PROBLEM STATEMENT: Drop the images. Copy every line below character for character.

Excerpts from a dataset
....................

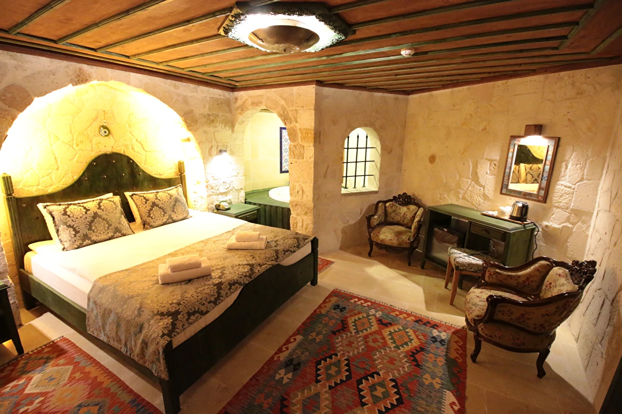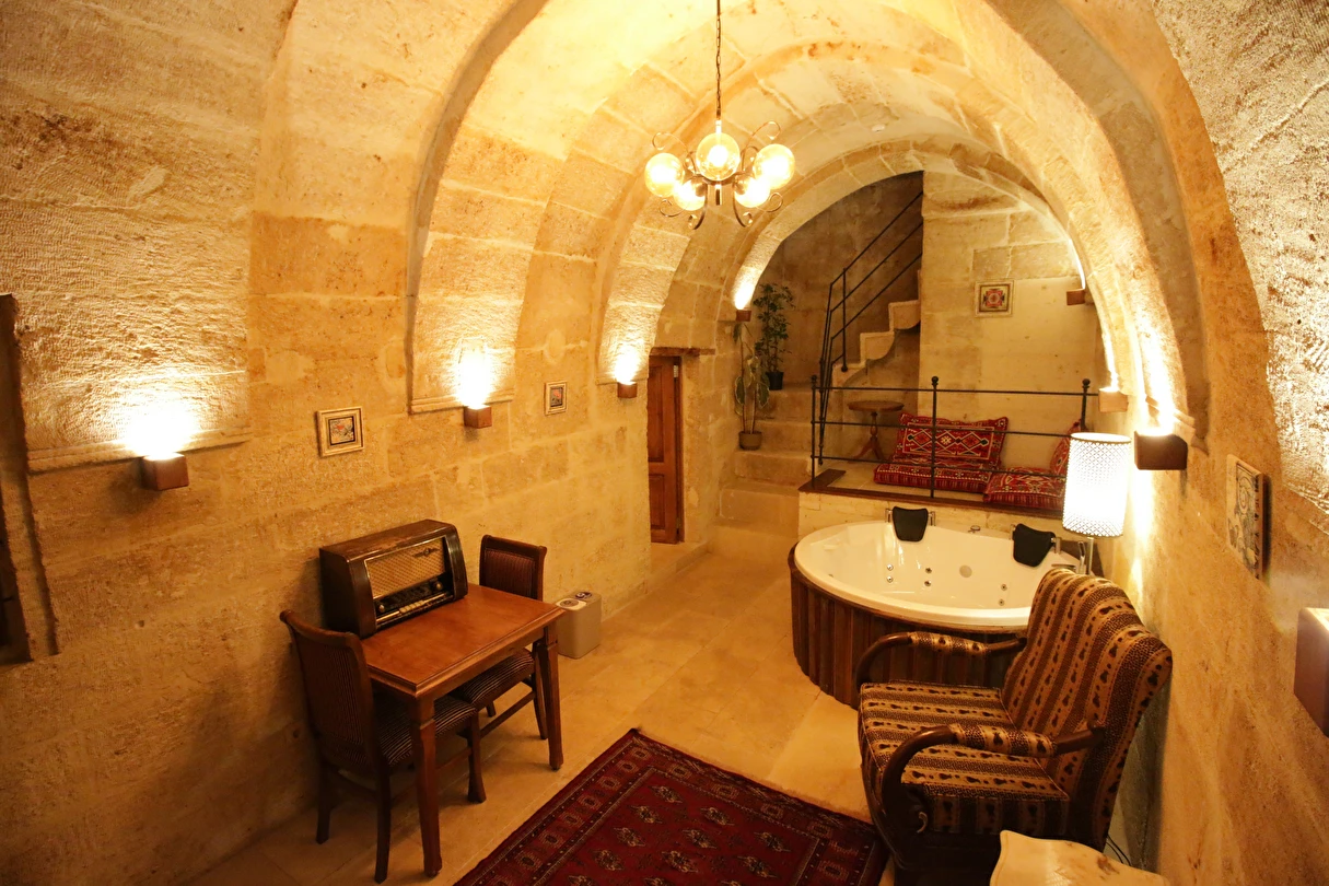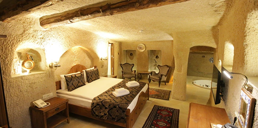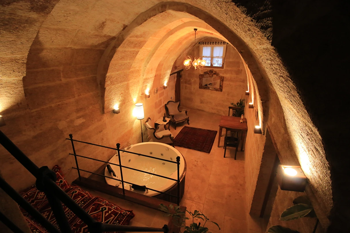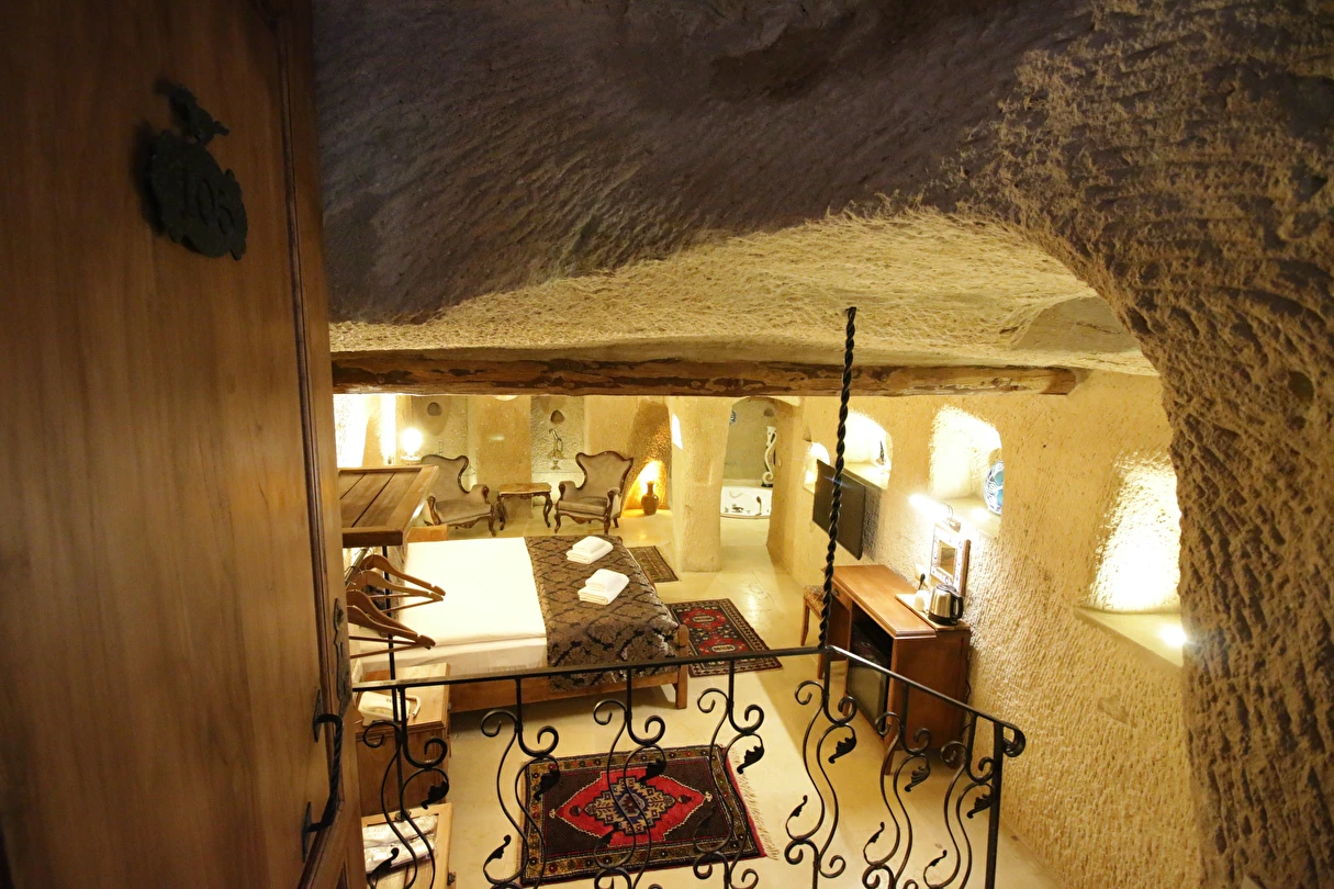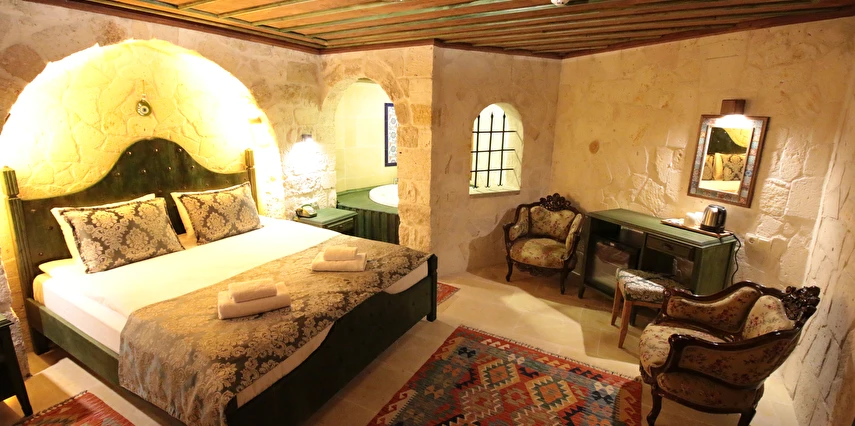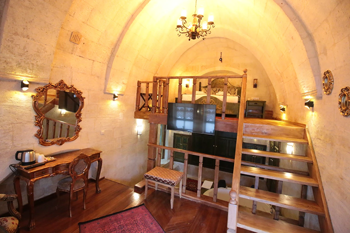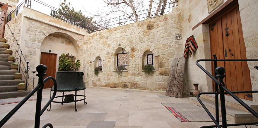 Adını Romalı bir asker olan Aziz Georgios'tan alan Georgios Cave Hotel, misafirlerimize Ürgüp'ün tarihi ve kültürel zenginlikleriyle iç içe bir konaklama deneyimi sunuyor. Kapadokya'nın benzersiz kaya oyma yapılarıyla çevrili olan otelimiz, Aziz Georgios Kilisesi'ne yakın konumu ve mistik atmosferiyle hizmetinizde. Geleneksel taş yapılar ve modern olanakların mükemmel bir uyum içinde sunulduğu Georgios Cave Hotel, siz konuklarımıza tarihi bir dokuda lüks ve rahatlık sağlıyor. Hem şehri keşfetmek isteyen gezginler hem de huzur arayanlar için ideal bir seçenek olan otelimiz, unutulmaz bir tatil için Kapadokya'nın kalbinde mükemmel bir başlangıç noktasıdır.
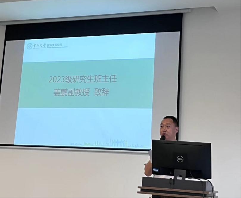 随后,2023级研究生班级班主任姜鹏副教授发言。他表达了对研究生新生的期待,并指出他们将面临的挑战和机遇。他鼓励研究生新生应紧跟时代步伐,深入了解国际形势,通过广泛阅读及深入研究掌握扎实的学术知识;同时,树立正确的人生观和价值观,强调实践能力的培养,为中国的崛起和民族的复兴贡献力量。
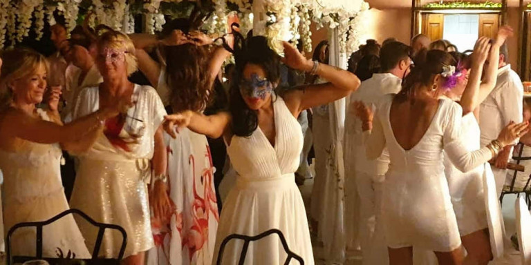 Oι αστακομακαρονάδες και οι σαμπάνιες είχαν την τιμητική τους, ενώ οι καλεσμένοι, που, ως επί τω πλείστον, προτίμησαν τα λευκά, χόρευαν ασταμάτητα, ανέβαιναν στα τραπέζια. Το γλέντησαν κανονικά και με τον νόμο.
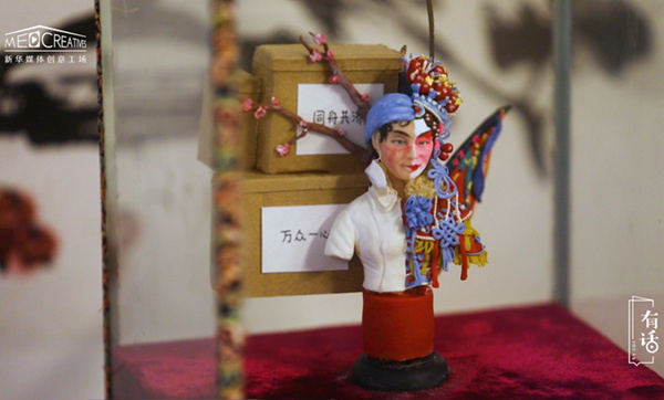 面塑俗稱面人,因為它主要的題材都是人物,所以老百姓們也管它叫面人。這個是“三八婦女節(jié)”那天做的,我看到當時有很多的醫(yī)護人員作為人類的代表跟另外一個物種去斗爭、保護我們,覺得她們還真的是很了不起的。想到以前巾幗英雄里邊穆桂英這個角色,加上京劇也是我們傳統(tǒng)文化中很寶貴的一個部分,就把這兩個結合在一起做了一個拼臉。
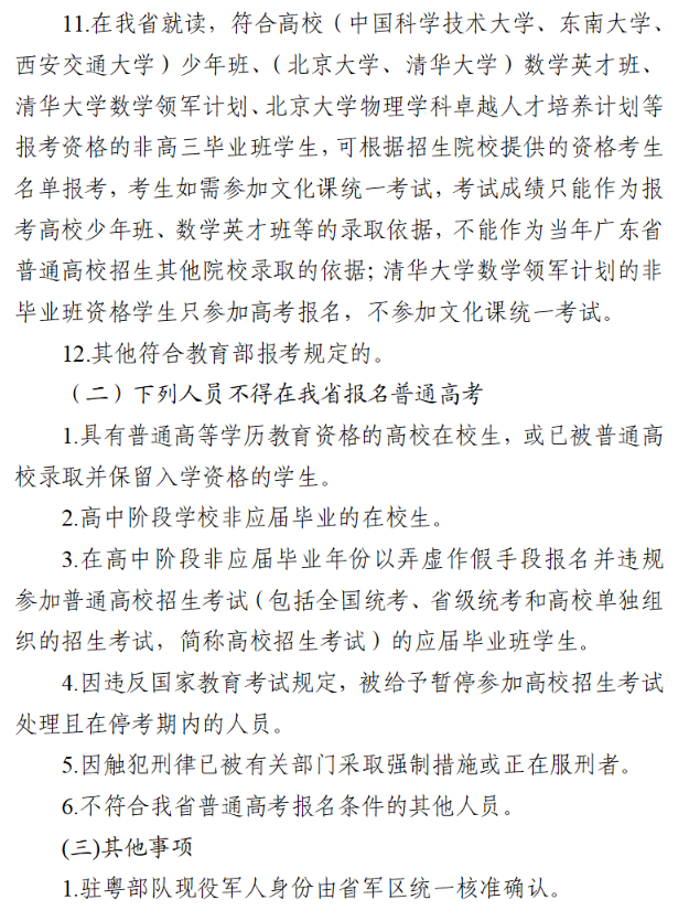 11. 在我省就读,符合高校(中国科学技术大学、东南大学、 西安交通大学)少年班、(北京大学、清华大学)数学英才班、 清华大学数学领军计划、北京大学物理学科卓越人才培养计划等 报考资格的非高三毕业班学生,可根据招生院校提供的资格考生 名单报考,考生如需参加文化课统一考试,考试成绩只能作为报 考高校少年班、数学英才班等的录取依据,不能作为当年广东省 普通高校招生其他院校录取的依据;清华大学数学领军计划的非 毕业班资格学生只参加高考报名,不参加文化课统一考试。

....................

TASK RESULT:
 Adını Romalı bir asker olan Aziz Georgios'tan alan Georgios Cave Hotel, misafirlerimize Ürgüp'ün tarihi ve kültürel zenginlikleriyle iç içe bir konaklama deneyimi sunuyor. Kapadokya'nın benzersiz kaya oyma yapılarıyla çevrili olan otelimiz, Aziz Georgios Kilisesi'ne yakın konumu ve mistik atmosferiyle hizmetinizde. Geleneksel taş yapılar ve modern olanakların mükemmel bir uyum içinde sunulduğu Georgios Cave Hotel, siz konuklarımıza tarihi bir dokuda lüks ve rahatlık sağlıyor. Hem şehri keşfetmek isteyen gezginler hem de huzur arayanlar için ideal bir seçenek olan otelimiz, unutulmaz bir tatil için Kapadokya'nın kalbinde mükemmel bir başlangıç noktasıdır.
 随后,2023级研究生班级班主任姜鹏副教授发言。他表达了对研究生新生的期待,并指出他们将面临的挑战和机遇。他鼓励研究生新生应紧跟时代步伐,深入了解国际形势,通过广泛阅读及深入研究掌握扎实的学术知识;同时,树立正确的人生观和价值观,强调实践能力的培养,为中国的崛起和民族的复兴贡献力量。
 Oι αστακομακαρονάδες και οι σαμπάνιες είχαν την τιμητική τους, ενώ οι καλεσμένοι, που, ως επί τω πλείστον, προτίμησαν τα λευκά, χόρευαν ασταμάτητα, ανέβαιναν στα τραπέζια. Το γλέντησαν κανονικά και με τον νόμο.
 面塑俗稱面人,因為它主要的題材都是人物,所以老百姓們也管它叫面人。這個是“三八婦女節(jié)”那天做的,我看到當時有很多的醫(yī)護人員作為人類的代表跟另外一個物種去斗爭、保護我們,覺得她們還真的是很了不起的。想到以前巾幗英雄里邊穆桂英這個角色,加上京劇也是我們傳統(tǒng)文化中很寶貴的一個部分,就把這兩個結合在一起做了一個拼臉。
 11. 在我省就读,符合高校(中国科学技术大学、东南大学、 西安交通大学)少年班、(北京大学、清华大学)数学英才班、 清华大学数学领军计划、北京大学物理学科卓越人才培养计划等 报考资格的非高三毕业班学生,可根据招生院校提供的资格考生 名单报考,考生如需参加文化课统一考试,考试成绩只能作为报 考高校少年班、数学英才班等的录取依据,不能作为当年广东省 普通高校招生其他院校录取的依据;清华大学数学领军计划的非 毕业班资格学生只参加高考报名,不参加文化课统一考试。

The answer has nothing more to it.